System resilience also comes through the asynchronous communication of an event-driven pattern. When some microservices in a system are down or experiencing delays, all other microservices will continue to function. This enhances the overall resilience and reliability of the application.
Reduced costs
Ultimately, each of those benefits affects the bottom line. With more granular and optimal scaling from an EDMA, an organization can avoid overprovisioning resources, keeping its infrastructure costs to a minimum. Developers can build more quickly, maintain an application more easily, and apply updates with higher confidence and lower risk. This reduces your operational and maintenance costs. The resilience provided by an EDMA minimizes the risk of downtime or cascading failures, both of which can be costly to an enterprise.
The benefits are clear. So, the natural question that follows is: Is an EDMA right for you?
When to choose an event-driven microservices architecture
An EDMA is not a silver bullet pattern that fits all applications and situations. However, the architecture is particularly well-suited for certain scenarios, including for applications that require fanout or parallel processing, for replication of data across accounts or regions, and for systems that require high levels of concurrency or scalability.
Applications requiring fanout or parallel processing
In some situations, you may have an application that needs to process multiple tasks concurrently or distribute the aggregate workload across various components for efficient handling.
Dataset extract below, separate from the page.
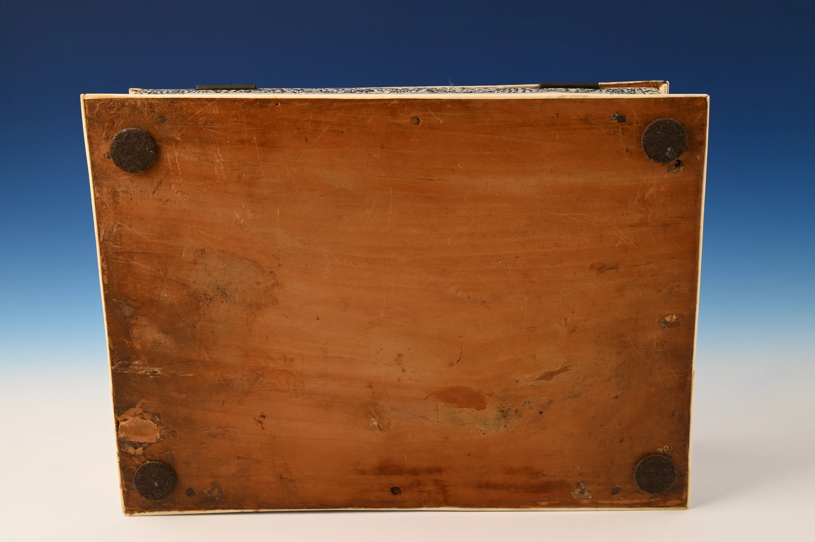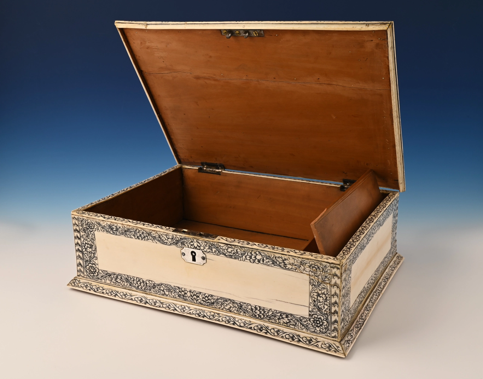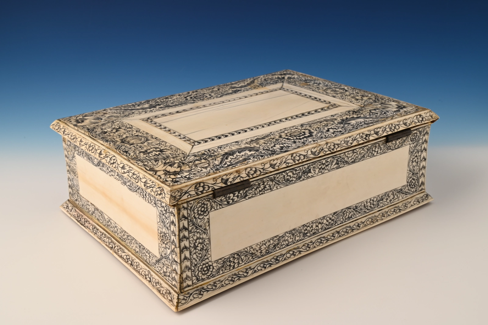 This box is made of sandalwood and covered with engraved ivory, with silver fittings.

This type of application would benefit from asynchronous communication between services, which would allow them to operate independently and react to events as they occur. An EDMA pattern would fit well here.
In an EDMA, an event can be simultaneously consumed by multiple microservices, each of which can subsequently process the event in parallel. This parallel processing capability allows the system to efficiently handle high volumes of tasks, distribute the workload, and maintain responsiveness even under heavy loads or in the presence of multiple consumers (Figure 3).
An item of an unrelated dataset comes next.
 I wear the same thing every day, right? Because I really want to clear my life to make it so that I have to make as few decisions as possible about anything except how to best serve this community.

Replication of data across accounts or regions
Your organization may need to synchronize data across multiple accounts or geographic regions to enhance redundancy, data durability, and availability. By facilitating efficient and asynchronous communication between distributed services, an EDMA-patterned system can propagate a data-change event to services or data stores across accounts or regions.
By taking an asynchronous approach, data replication can be performed consistently but without impacting the performance of the primary application.
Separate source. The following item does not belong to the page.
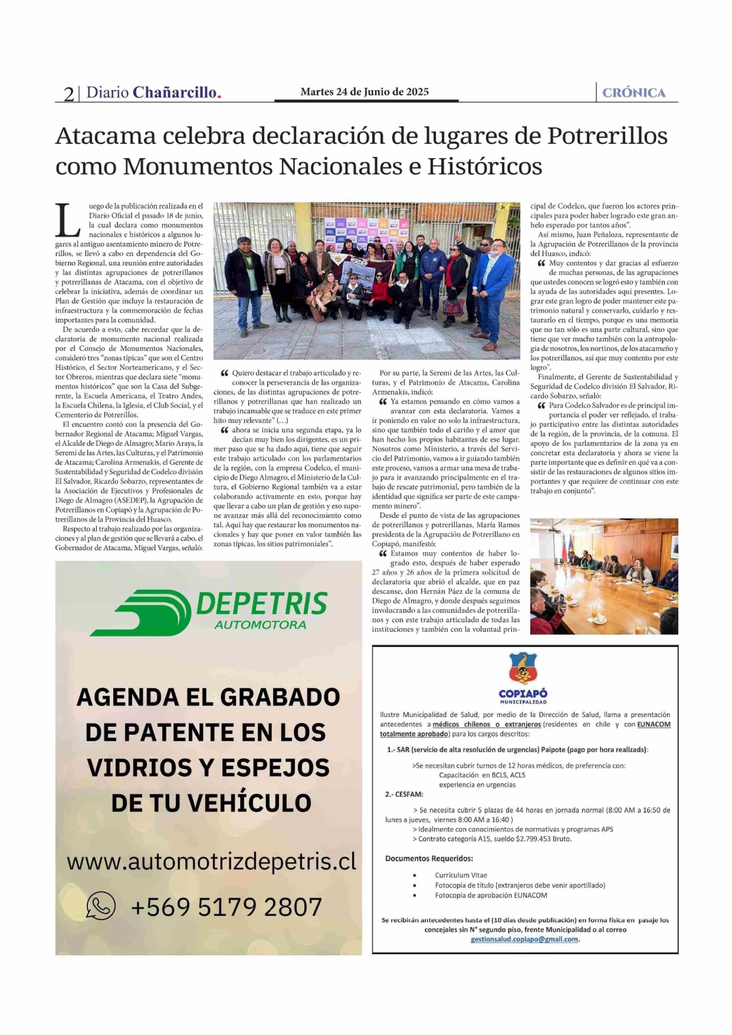 Atacama celebra declaración de lugares de Potrerillos como Monumentos Nacionales e Históricos 24-06-2025 Diario Chañarcillo |

Systems requiring high levels of concurrency or scalability
In systems that require high levels of concurrency or scalability, an EDMA is an excellent choice because services can operate independently and handle multiple tasks simultaneously. An addition to different services working simultaneously, asynchronous communication allows each service to process events at its own pace. This ensures that the system remains responsive even under heavy workloads or rapidly changing demands.
These three scenarios are not the only ones in which a system designed on the EDMA pattern may be an excellent choice, but they are common to many enterprises. However, those looking to embrace an EDMA should keep their eyes open to the accompanying challenges.
Challenges of the event-driven microservices architecture
Although an EDMA can bring many benefits to certain scenarios, it is also not without challenges. One of these is data consistency.
Data consistency
One challenge of systems patterned on an EDMA is the preservation of data consistency. Since microservices in an EDMA communicate through events, real-time changes to data or state may not be immediately reflected across all services, leading to temporary inconsistencies.
An important concept in the EDMA pattern is eventual consistency: allowing for a temporary state of inconsistency in the system, with the expectation that all components in that system will eventually converge on a consistent state.
In response, developers must design their services to handle the case of temporary data inconsistency. This includes adopting patterns like Command Query Responsibility Segregation (CQRS). Application designers can also integrate the idea of event sourcing to address the question of application state consistency.
Getting started with an event-driven microservices architecture
Is your enterprise ready to build applications using an event-driven microservices architecture? Whether you’re a Fortune 500 company or a new startup, you can lean on solutions from Akamai to help you in your journey. Akamai Connected Cloud provides a massively distributed edge computing platform to enterprises that are ready to build microservices for use at the edge.
Akamai EdgeWorkers consists of serverless computing solutions that let you deploy scalable and low-latency microservices at the edge, across a global network of distributed services. Meanwhile, Akamai provides the global infrastructure (virtual private services, load balancing, storage, SQL-based relational databases, NoSQL databases, and more) to power your event-driven applications — to help ensure that your systems are safe, secure, reliable, and fast.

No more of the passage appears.